*TASK TO CARRY OUT*: Could you write out, exactly, every line from the top of the data through the line holding "相信目前很多小伙伴对于魔兽世"? Omit the pictures.

:: GIVEN DATA ::

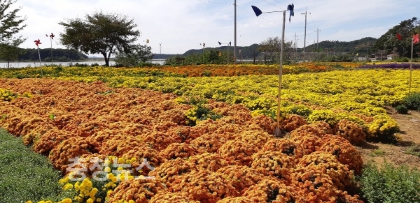 홍성군에 따르면 서부면 판교리 소재 ‘수룡동 꽃단지’에 국화를 비롯한 메리골드 등 다양한 가을꽃이 만개했다.
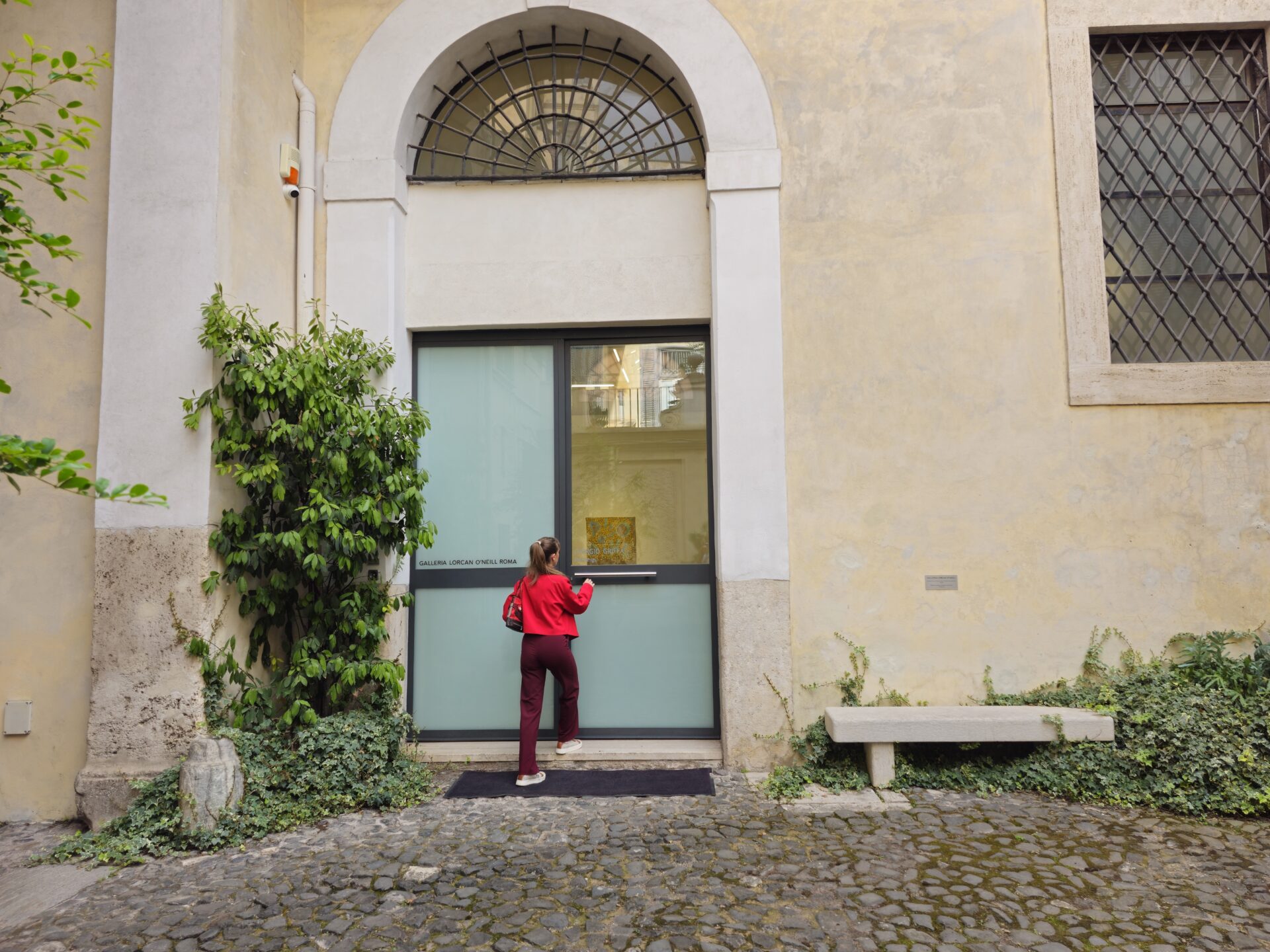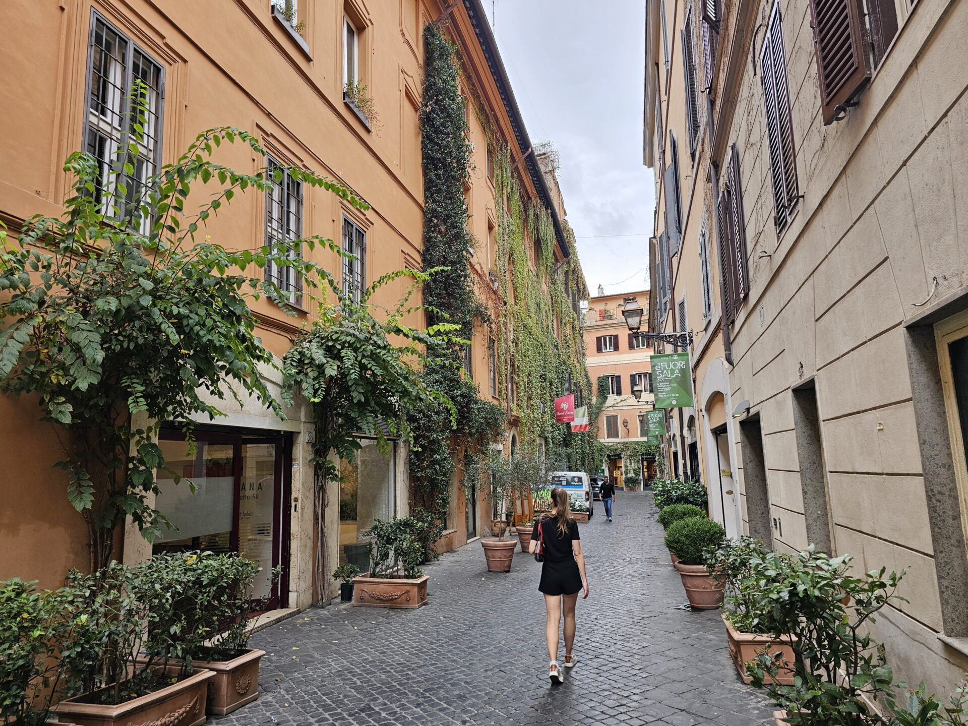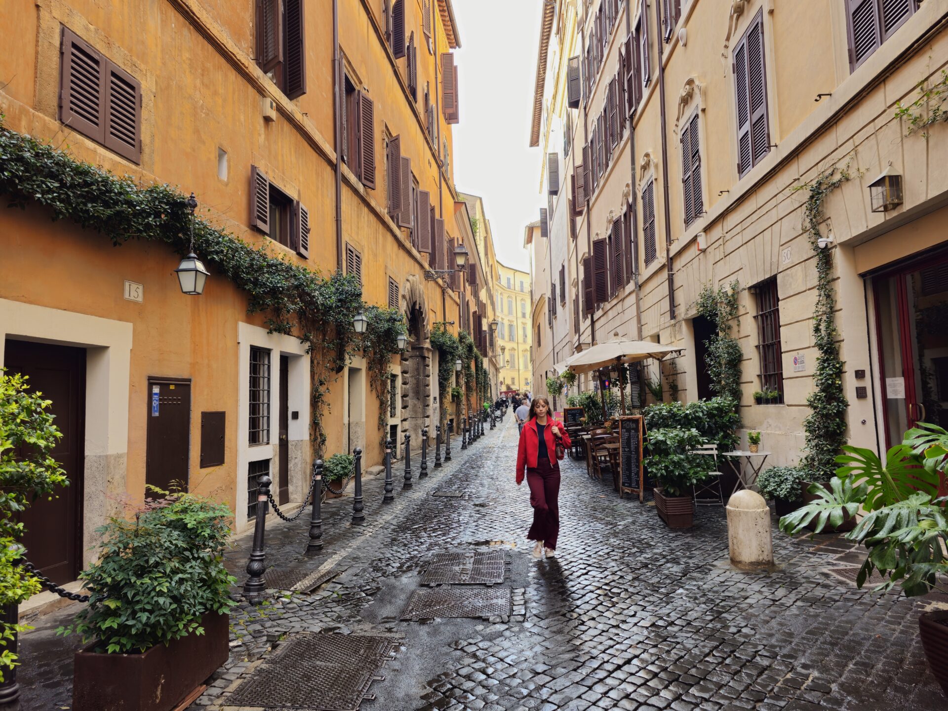 Είχαμε αφήσει πίσω μας τα μνημεία της πόλης και περπατούσαμε στα λιθόστρωτα δρομάκια της παλιάς Ρώμης τα γνωστά sampietrini. H Αρετή με τα κόκκινα έκανε μια ωραία αντίθεση με τα γήινα Ρωμαϊκά χρώματα.
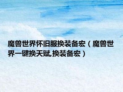 相信目前很多小伙伴对于魔兽世界一键换天赋,换装备宏都比较感兴趣,那么小编今天在网上也是收集了一些与魔兽世界一键换天赋,换装备宏相关的信息来分享给大家,希望能够帮助到大家哦。
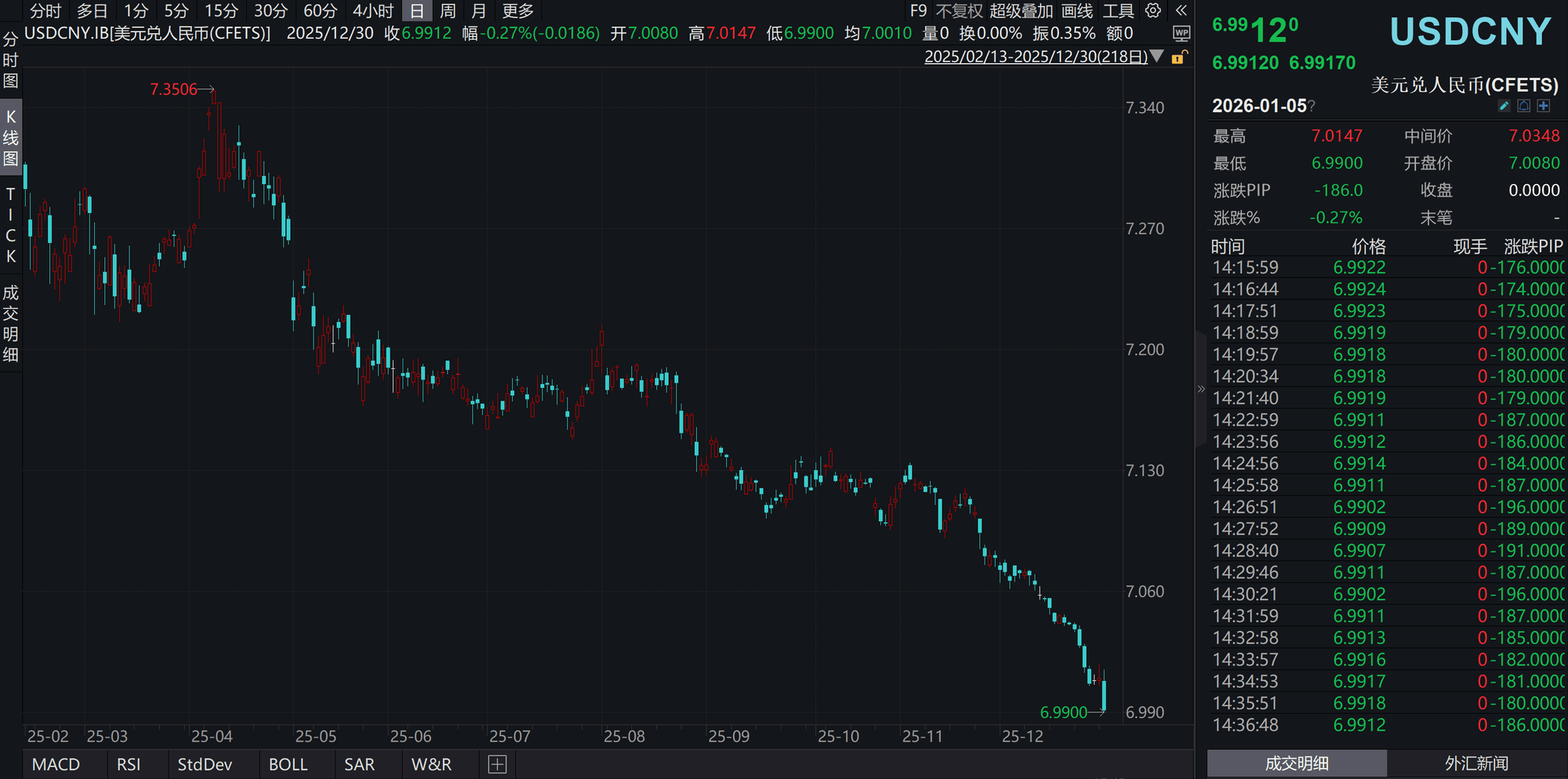 对于近期人民币对美元汇率连续升值并升破7.0关口,国盛证券研报指出,原因主要有两方面:一是美元走弱。美元从2025年1月中旬就已开始明显转弱,但 人民币4月以后才开始升值,主要因为关税因素影响,本轮人民币升值可视作美元走弱的滞后反映。近期美元再度回落,一方面是因为12月美联储鸽派降 息,另一方面是因为近期美国经济表现弱于欧洲。二是集中结汇。4月以来,随着关税问题缓和、资本回流、年底结汇高峰等因素,结售汇顺差明显增加, 助推了人民币升值。 央广网北京12月30日消息(记者 冯方)12月30日,继前两日离岸人民币对美元"破7"之后,在岸人民币对美元也升破这一重要整数关口。Wind数据显示,在 岸人民币对美元汇率盘中最高触及6.9900,创下2023年5月18日以来新高。 在岸人民币对美元汇率近一年来走势(截图自Wind) 近期召开的央行货币政策委员会2025年第四季度例会指出,下阶段,要增强外汇市场韧性,稳定市场预期,防范汇率超调风险,保持人民币汇率在合理均衡 水平上的基本稳定。 对于人民币升值的影响,国盛证券研报认为,股市方面,人民币升值将对A股形成利好,主要有两条传导路径:一是人民币升值有利于吸引外资流入,二 ...

:::

*EXERCISE OUTPUT*:
 홍성군에 따르면 서부면 판교리 소재 ‘수룡동 꽃단지’에 국화를 비롯한 메리골드 등 다양한 가을꽃이 만개했다.
 Είχαμε αφήσει πίσω μας τα μνημεία της πόλης και περπατούσαμε στα λιθόστρωτα δρομάκια της παλιάς Ρώμης τα γνωστά sampietrini. H Αρετή με τα κόκκινα έκανε μια ωραία αντίθεση με τα γήινα Ρωμαϊκά χρώματα.
 相信目前很多小伙伴对于魔兽世界一键换天赋,换装备宏都比较感兴趣,那么小编今天在网上也是收集了一些与魔兽世界一键换天赋,换装备宏相关的信息来分享给大家,希望能够帮助到大家哦。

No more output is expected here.